This is the official code of ICCV 2021 paper:
Residual Attention: A Simple But Effective Method for Multi-Label Recoginition
This package is developed by Mr. Ke Zhu (http://www.lamda.nju.edu.cn/zhuk/) and we are trying to add the implementation code of ViT models. If you have any question about the code, please feel free to contact Mr. Ke Zhu ([email protected]). The package is free for academic usage. You can run it at your own risk. For other purposes, please contact Prof. Jianxin Wu (mail to [email protected]).
- Python 3.7
- pytorch 1.6
- torchvision 0.7.0
- pycocotools 2.0
- tqdm 4.49.0, pillow 7.2.0
We expect VOC2007 and COCO2014 dataset to have the following structure:
Dataset/
|-- VOCdevkit/
|---- VOC2007/
|------ JPEGImages/
|------ Annotations/
|------ ImageSets/
......
|-- COCO2014/
|---- annotations/
|---- images/
|------ train2014/
|------ val2014/
...
Then directly run the following command to generate json file (for implementation) of these datasets.
python utils/prepare_voc.py --data_path Dataset/VOCdevkit
python utils/prepare_coco.py --data_path Dataset/COCO2014
which will automatically result in json files in ./data/voc07 and ./data/coco
We provide pretrained models on Google Drive for validation. ResNet101 trained on ImageNet with CutMix augmentation can be downloaded here.

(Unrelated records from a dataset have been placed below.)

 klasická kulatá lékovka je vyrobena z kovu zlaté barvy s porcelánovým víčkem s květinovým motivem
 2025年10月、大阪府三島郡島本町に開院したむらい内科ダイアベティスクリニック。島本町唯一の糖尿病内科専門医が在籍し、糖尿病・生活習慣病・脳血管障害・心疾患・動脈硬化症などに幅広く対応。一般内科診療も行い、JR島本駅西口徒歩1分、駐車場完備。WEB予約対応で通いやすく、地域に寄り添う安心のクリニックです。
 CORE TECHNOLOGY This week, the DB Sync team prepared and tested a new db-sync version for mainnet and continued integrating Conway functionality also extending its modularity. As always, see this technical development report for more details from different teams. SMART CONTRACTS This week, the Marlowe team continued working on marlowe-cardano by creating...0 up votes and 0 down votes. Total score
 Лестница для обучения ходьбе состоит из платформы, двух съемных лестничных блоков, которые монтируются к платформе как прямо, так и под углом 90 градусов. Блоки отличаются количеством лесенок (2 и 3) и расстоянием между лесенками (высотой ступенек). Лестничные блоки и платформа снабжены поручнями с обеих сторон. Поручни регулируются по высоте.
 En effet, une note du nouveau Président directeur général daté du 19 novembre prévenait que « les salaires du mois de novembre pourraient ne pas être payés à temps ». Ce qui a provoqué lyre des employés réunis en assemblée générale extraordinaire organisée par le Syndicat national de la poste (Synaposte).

Dataset | Backbone | Head nums | mAP | Resolution | Download |
---|---|---|---|---|---|
VOC2007 | ResNet-101 | 1 | 94.7 | 448x448 | download |
VOC2007 | ResNet-cut | 1 | 95.2 | 448x448 | download |
COCO | ResNet-101 | 4 | 83.3 | 448x448 | download |
COCO | ResNet-cut | 6 | 85.6 | 448x448 | download |
After model preparation, you can run the following validation command:
CUDA_VISIBLE_DEVICES=0 python val.py --num_heads 1 --lam 0.1 --dataset voc07 --num_cls 20 --load_from PRETRAINED_MODEL.pth
You can run either of these two lines below
CUDA_VISIBLE_DEVICES=0 python main.py --num_heads 1 --lam 0.1 --dataset voc07 --num_cls 20
CUDA_VISIBLE_DEVICES=0 python main.py --num_heads 1 --lam 0.1 --dataset voc07 --num_cls 20 --cutmix CutMix_ResNet101.pth
Note that the first command uses the Official ResNet-101 backbone while the second command uses the ResNet-101 pretrained on ImageNet with CutMix augmentation link (which is supposed to gain better performance).

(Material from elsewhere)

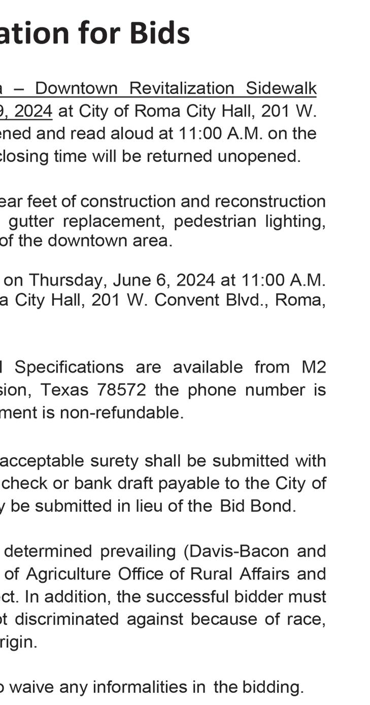 Written comments must be received by Starr County at the following address on or before June 14, 2024: Starr County, 100 North FM 3167, Rio Grande City, Texas 78582, Attention: Ms. Connie Cantu, Project Manager, during the hours of 8:00 AM to 5:00 PM. Comments may also be submitted via email at ccantu@co.starr.tx.us
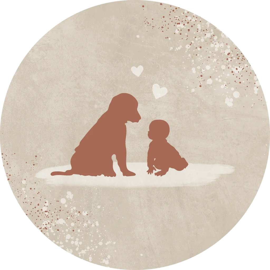 Beige sluitsticker met silhouetjes van hond en baby

run the ResNet-101 with 4 heads
CUDA_VISIBLE_DEVICES=0 python main.py --num_heads 6 --lam 0.5 --dataset coco --num_cls 80
run the ResNet-101 (pretrained with CutMix) with 6 heads
CUDA_VISIBLE_DEVICES=0 python main.py --num_heads 6 --lam 0.4 --dataset coco --num_cls 80 --cutmix CutMix_ResNet101.pth
You can feel free to adjust the hyper-parameters such as number of attention heads (--num_heads), or the Lambda (--lam). Still, the default values of them in the above command are supposed to be the best.

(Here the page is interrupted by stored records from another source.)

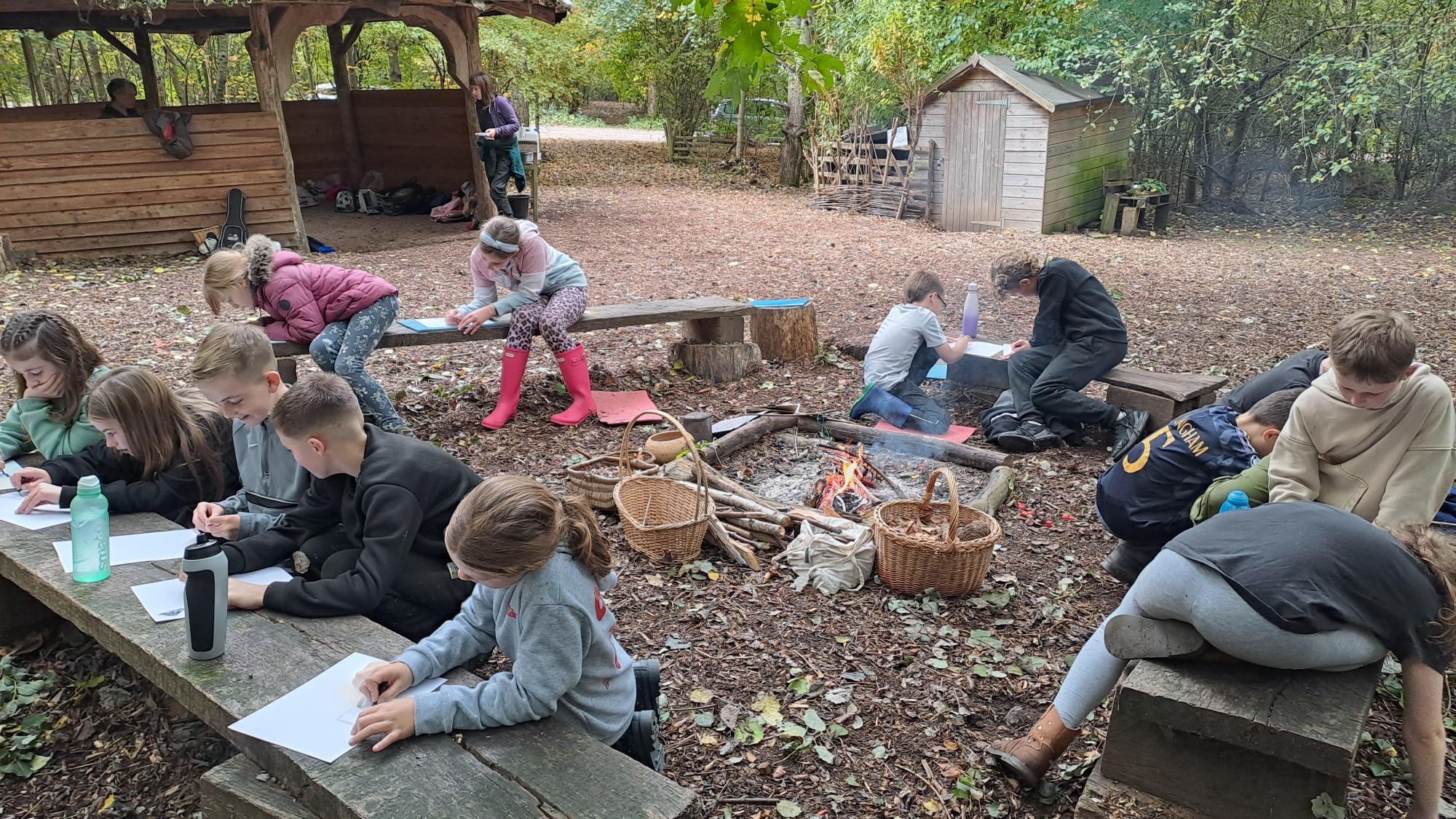 Half of Y5 had a fantastic day at the Children's Forest. They listened to Aggie explain all about the purpose and origin of the forest and the 'Children's Fire'. Games, fire lighting and den building took up the morning in the woods, while the afternoon was spent playing 'Sink and Fade', enjoying the huge swing and drawing the trees.
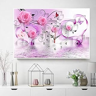 5D Diamant Peinture kit DIY Complet Round Drill Strass Broderie Art Artisanat Décoration Murale Diamond Painting Point De Croix, Rose et horloge murale (rose) 60 * 40CM
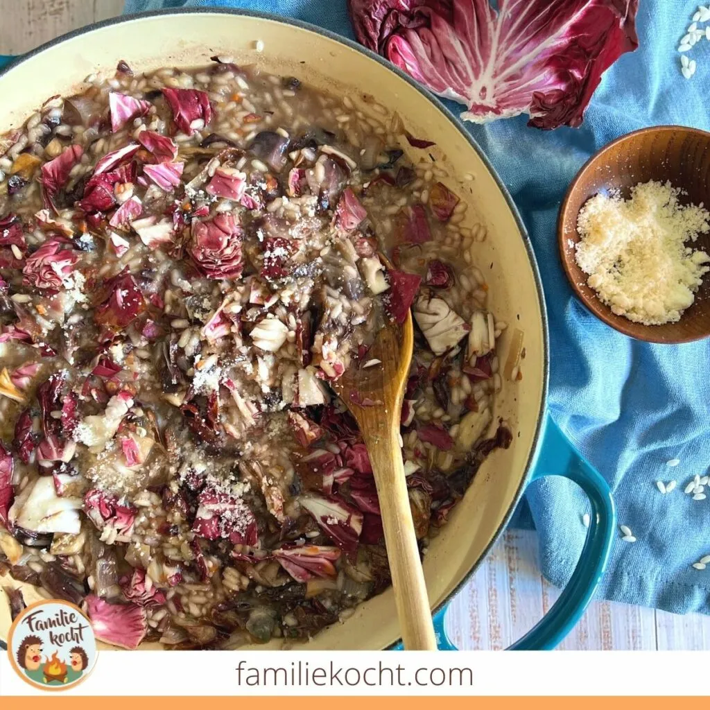 Es gibt Rezepte, die einem Kind wahrscheinlich nie schmecken werden. Es gibt aber auch Zeiten, in denen man auch mal nur für Erwachsene kocht – und dann ist ein deftiges Radicchio Risotto mit Parmesan auf jeden Fall einen Versuch wert.

To avoid confusion, please note the 4 lines of code in Figure 1 (in paper) is only used in test stage (without training), which is our motivation. When our model is end-to-end training and testing, multi-head-attention (H=1, H=2, H=4, etc.) is used with different T values. Also, when H=1 and T=infty, the implementation code of multi-head-attention is exactly the same with Figure 1.
We thank Lin Sui (http://www.lamda.nju.edu.cn/suil/) for his initial contribution to this project.